Search code examples
stringcharacter-encodingdtext-to-html

Converting Text to HTML In D


I'm trying to figure the best way of encoding text (either 8-bit ubyte[] or string) to its HTML counterpart.

My proposal so far is to use a lookup-table to map the 8-bit characters

string[256] lutLatin1ToHTML;
lutLatin1ToXML[0x22] = "&quot";
lutLatin1ToXML[0x26] = "&amp";
...

in HTML that have special meaning using the function

pure string toHTML(in string src,
                   ref in string[256] lut) {
    return src.map!(a => (lut[a] ? lut[a] : new string(a))).reduce!((a, b) => a ~ b) ;
}

I almost work except for the fact that I don't know how to create a string from a `ubyte? (the no-translation case).

I tried

writeln(new string('a'));

but it prints garbage and I don't know why.

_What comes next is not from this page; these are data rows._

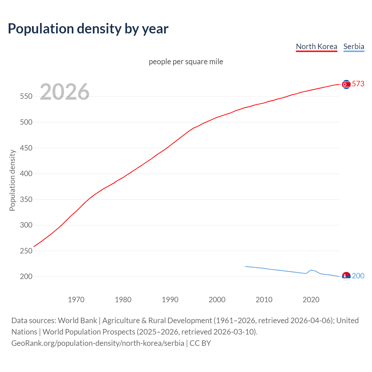 From 2006 to 2026, population density in North Korea increased by 8.64%, compared to a 8.86% decline in Serbia.
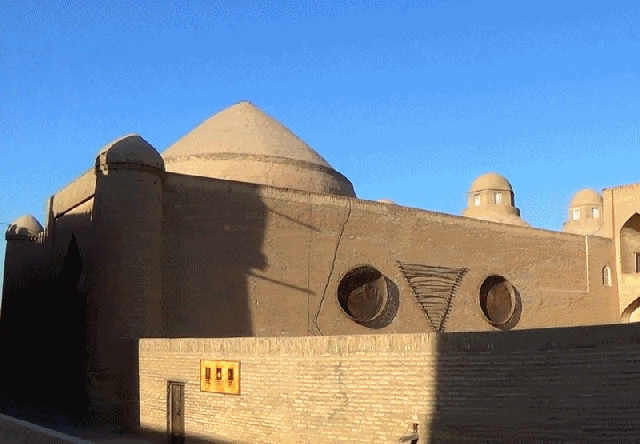 Llegamos a la zona Palvan Darboza o puerta oriental de la ciudad, la Puerta Este o Ichan Kala reconstruida en 1804; rematada con troneras y torres laterales que cruzan la muralla de la ciudad. En los nichos, antaño se encerraban a los esclavos. En sus puertas se anunciaban las ejecuciones, y los esclavos rebeldes eran “clavados” por las orejas en las maderas para escarnio público. A poca distancia está la Mezquita Ak ó blanca de 1838, incluye una sala de cúpula rodeada de tres galerías, que es un lugar de culto con minarete y mihrab. El minarete está coronado por una cúpula con aguja. La sala central de tres lados está rodeada por los altos aiwanes(terrazas) con columnas. El atractivo principal de la mezquita son sus columnas de madera decoradas con maravilloso y único tallado. Las ventanas de la mezquita están decoradas con celosías caladas de ganch (material blanco similar al yeso).
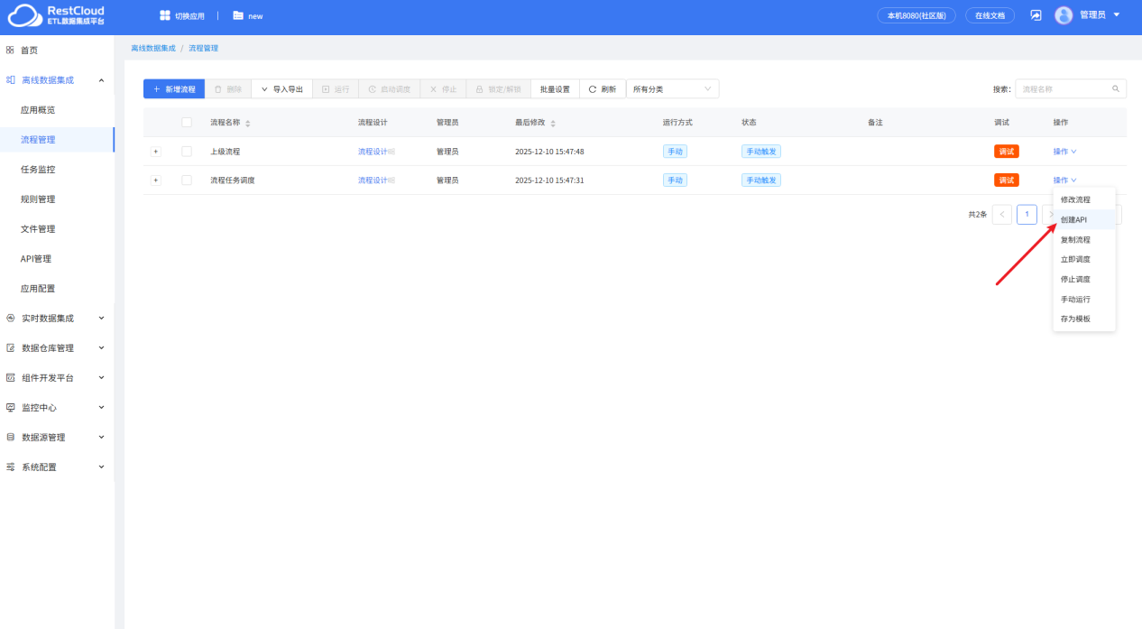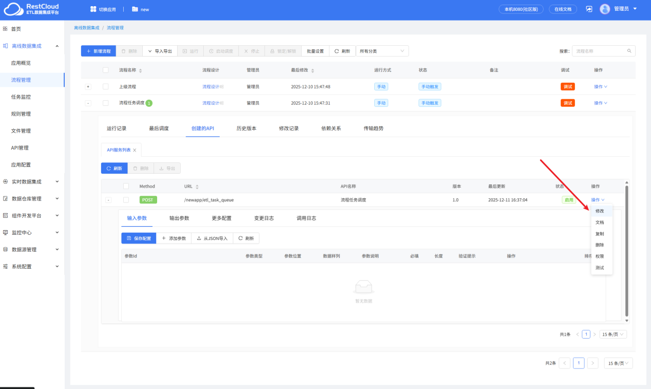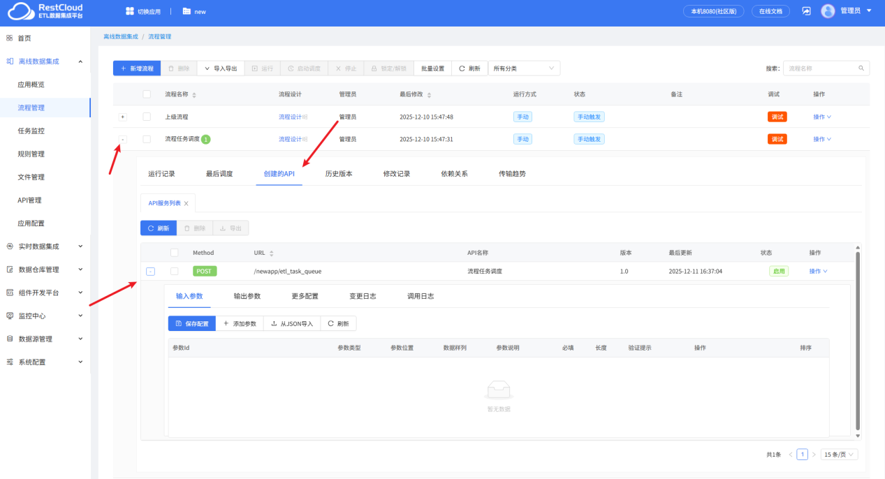 ETLCloud 提供的多种流程调度方式,覆盖了从即时交互到自动化运维、从内部调度到外部集成的各类场景。无论是需要即时调试验证的手动执行,还是按计划自动运行的定时调度;无论是依赖关系严谨的数仓任务链,还是灵活对接外部系统的 API 调用,每一种调度模式都对应着不同的业务需求与技术架构。

For more details on HTML encoding see https://en.wikipedia.org/wiki/Character_entity_reference


Solution

  • You can make a string from a ubyte most easily by doing "" ~ b, for example:

    ubyte b = 65;
    string a = "" ~ b;
    writeln(a); // prints A
    

    BTW, if you want to do a lot of html stuff, my dom.d and characterencodings.d might be useful: https://github.com/adamdruppe/misc-stuff-including-D-programming-language-web-stuff

    It has a html parser, dom manipulation functions similar to javascript (e.g. ele.querySelector(), getElementById, ele.innerHTML, ele.innerText, etc.), conversion from a few different character encodings, including latin1, and outputs ascii safe html with all special and unicode characters properly encoded.

    assert(htmlEntitiesEncode("foo < bar") == "foo &lt; bar";
    

    stuff like that.